What is required: Keep the pictures out. Copy every line of the listing exactly.

Input data:
'''
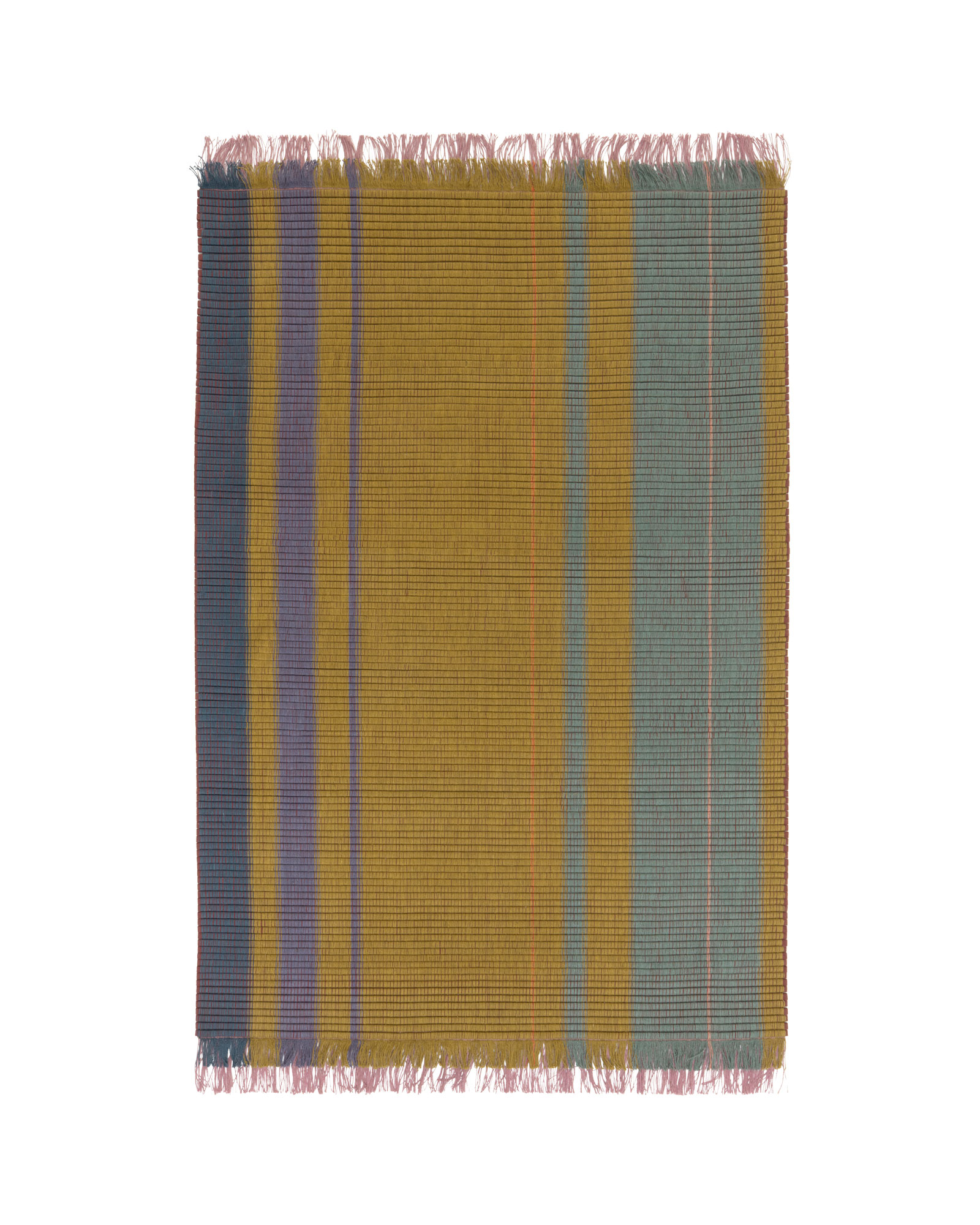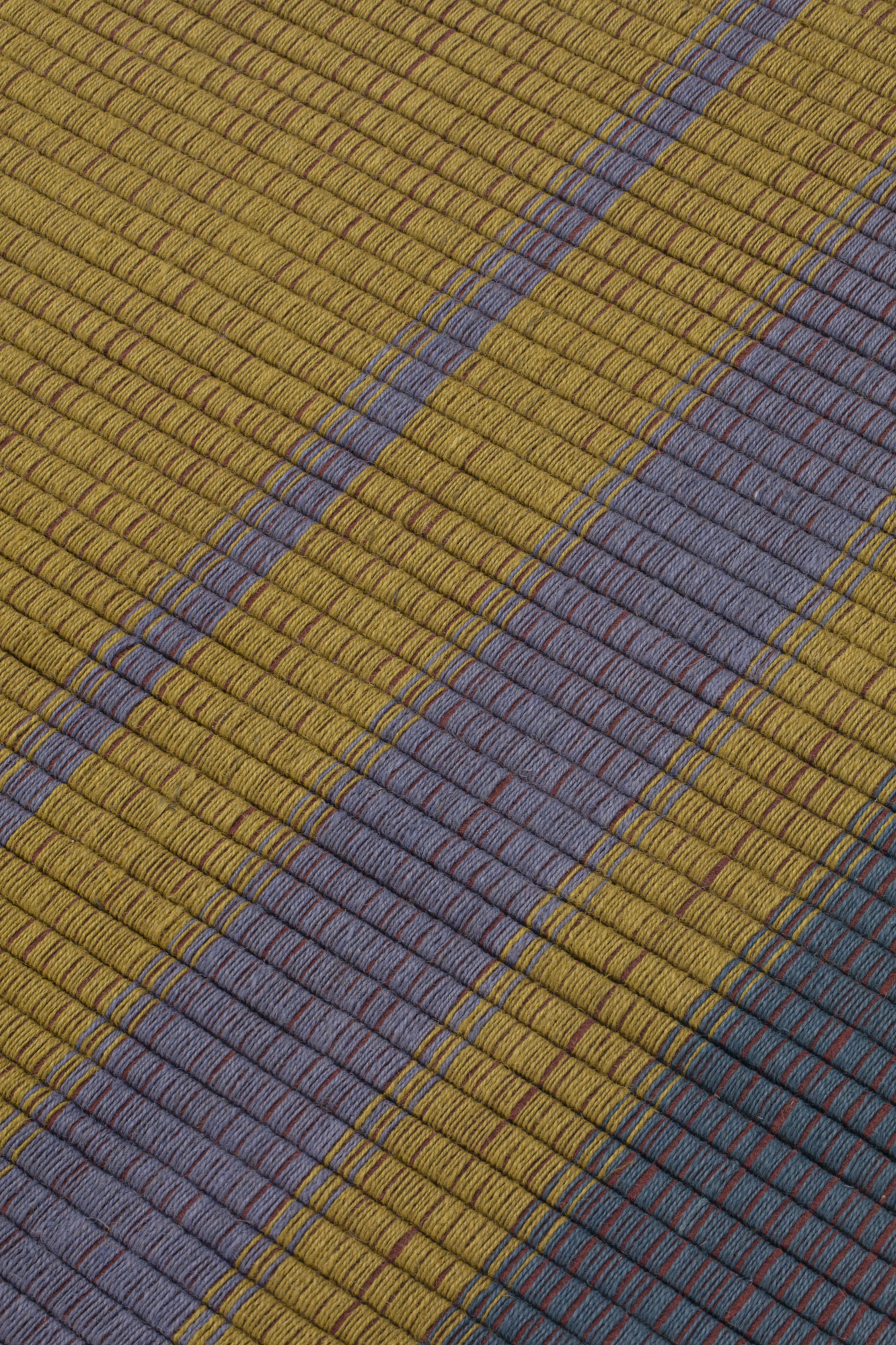 Σχεδιασμένη από την Mae Engelgeer, η συλλογή Omote διερευνά τη μινιμαλιστική δομή του παραδοσιακού ιαπωνικού χαλιού tatami, πειραματιζόμενη με την μέθοδο του αργαλειού. Φυσικά νήματα υφαίνονται γύρω από τη ζεστή και μονωτική τσόχα, αναδημιουργώντας την ελαστικότητα και την απαλότητα του χαλιού τατάμι.
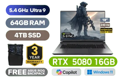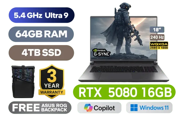 [G-SYNC] ASUS ROG STRIX G18 G815LW Intel® Core™ Ultra 9-275HX up to 5.4GHz Processor, 76MB Cache, 24x Cores, 24x Threads / 64GB DDR5 RAM / 4TB Ultra-Fast PCIe NVMe SSD / 18" WQXGA (2560x1600) 240Hz IPS-Level Display / NVIDIA 50 Series GeForce RTX 5080 16GB GDDR7 Graphics Card / Windows 11 Home (64bit) / 1080P FHD IR Camera / Intel WiFi 7 BE200 Wireless LAN / Bluetooth 5.4 / 3x USB Type-A / 2x USB Type-C (Support Thunderbolt 4 / DisplayPort / Power Delivery) / 1 x HDMI / 1 x Headphone & Microphone Combo Jack / 1x RJ45 / RGB Backlit Keyboard / 2 speakers with Dolby Atmos / Free ASUS ROG Backpack / ASUS ROG STRIX G18 G815LW Ultra 9 RTX 5080 Laptop Deal[G-SYNC] ASUS ROG STRIX G18 G815LW Intel® Core™ Ultra 9-275HX up to 5.4GHz Processor, 76MB Cache, 24x Cores, 24x Threads / 64GB DDR5 RAM / 4TB Ultra-Fast PCIe NVMe SSD / 18" WQXGA (2560x1600) 240Hz IPS-Level Display / NVIDIA 50 Series GeForce RTX 5080 16GB GDDR7 Graphics Card / Windows 11 Home (64bit) / 1080P FHD IR Camera / Intel WiFi 7 BE200 Wireless LAN / Bluetooth 5.4 / 3x USB Type-A / 2x USB Type-C (Support Thunderbolt 4 / DisplayPort / Power Delivery) / 1 x HDMI / 1 x Headphone & Microphone Combo Jack / 1x RJ45 / RGB Backlit Keyboard / 2 speakers with Dolby Atmos / Free ASUS ROG Backpack / ASUS ROG STRIX G18 G815LW Ultra 9 RTX 5080 Laptop Deal [G815LW-U93210G0W/64GB/4TB] / 3 YEARS WARRANTY / [+]Get Resident Evil Requiem with select GeForce RTX 50 Series (Standard Edition)+ FREE DELIVERY !
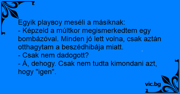 - Képzeld a múltkor megismerkedtem egy bombázóval. Minden jó lett volna, csak aztán otthagytam a beszédhibája miatt.
'''
Solution for this problem:
 Σχεδιασμένη από την Mae Engelgeer, η συλλογή Omote διερευνά τη μινιμαλιστική δομή του παραδοσιακού ιαπωνικού χαλιού tatami, πειραματιζόμενη με την μέθοδο του αργαλειού. Φυσικά νήματα υφαίνονται γύρω από τη ζεστή και μονωτική τσόχα, αναδημιουργώντας την ελαστικότητα και την απαλότητα του χαλιού τατάμι.
 [G-SYNC] ASUS ROG STRIX G18 G815LW Intel® Core™ Ultra 9-275HX up to 5.4GHz Processor, 76MB Cache, 24x Cores, 24x Threads / 64GB DDR5 RAM / 4TB Ultra-Fast PCIe NVMe SSD / 18" WQXGA (2560x1600) 240Hz IPS-Level Display / NVIDIA 50 Series GeForce RTX 5080 16GB GDDR7 Graphics Card / Windows 11 Home (64bit) / 1080P FHD IR Camera / Intel WiFi 7 BE200 Wireless LAN / Bluetooth 5.4 / 3x USB Type-A / 2x USB Type-C (Support Thunderbolt 4 / DisplayPort / Power Delivery) / 1 x HDMI / 1 x Headphone & Microphone Combo Jack / 1x RJ45 / RGB Backlit Keyboard / 2 speakers with Dolby Atmos / Free ASUS ROG Backpack / ASUS ROG STRIX G18 G815LW Ultra 9 RTX 5080 Laptop Deal[G-SYNC] ASUS ROG STRIX G18 G815LW Intel® Core™ Ultra 9-275HX up to 5.4GHz Processor, 76MB Cache, 24x Cores, 24x Threads / 64GB DDR5 RAM / 4TB Ultra-Fast PCIe NVMe SSD / 18" WQXGA (2560x1600) 240Hz IPS-Level Display / NVIDIA 50 Series GeForce RTX 5080 16GB GDDR7 Graphics Card / Windows 11 Home (64bit) / 1080P FHD IR Camera / Intel WiFi 7 BE200 Wireless LAN / Bluetooth 5.4 / 3x USB Type-A / 2x USB Type-C (Support Thunderbolt 4 / DisplayPort / Power Delivery) / 1 x HDMI / 1 x Headphone & Microphone Combo Jack / 1x RJ45 / RGB Backlit Keyboard / 2 speakers with Dolby Atmos / Free ASUS ROG Backpack / ASUS ROG STRIX G18 G815LW Ultra 9 RTX 5080 Laptop Deal [G815LW-U93210G0W/64GB/4TB] / 3 YEARS WARRANTY / [+]Get Resident Evil Requiem with select GeForce RTX 50 Series (Standard Edition)+ FREE DELIVERY !
 - Képzeld a múltkor megismerkedtem egy bombázóval. Minden jó lett volna, csak aztán otthagytam a beszédhibája miatt.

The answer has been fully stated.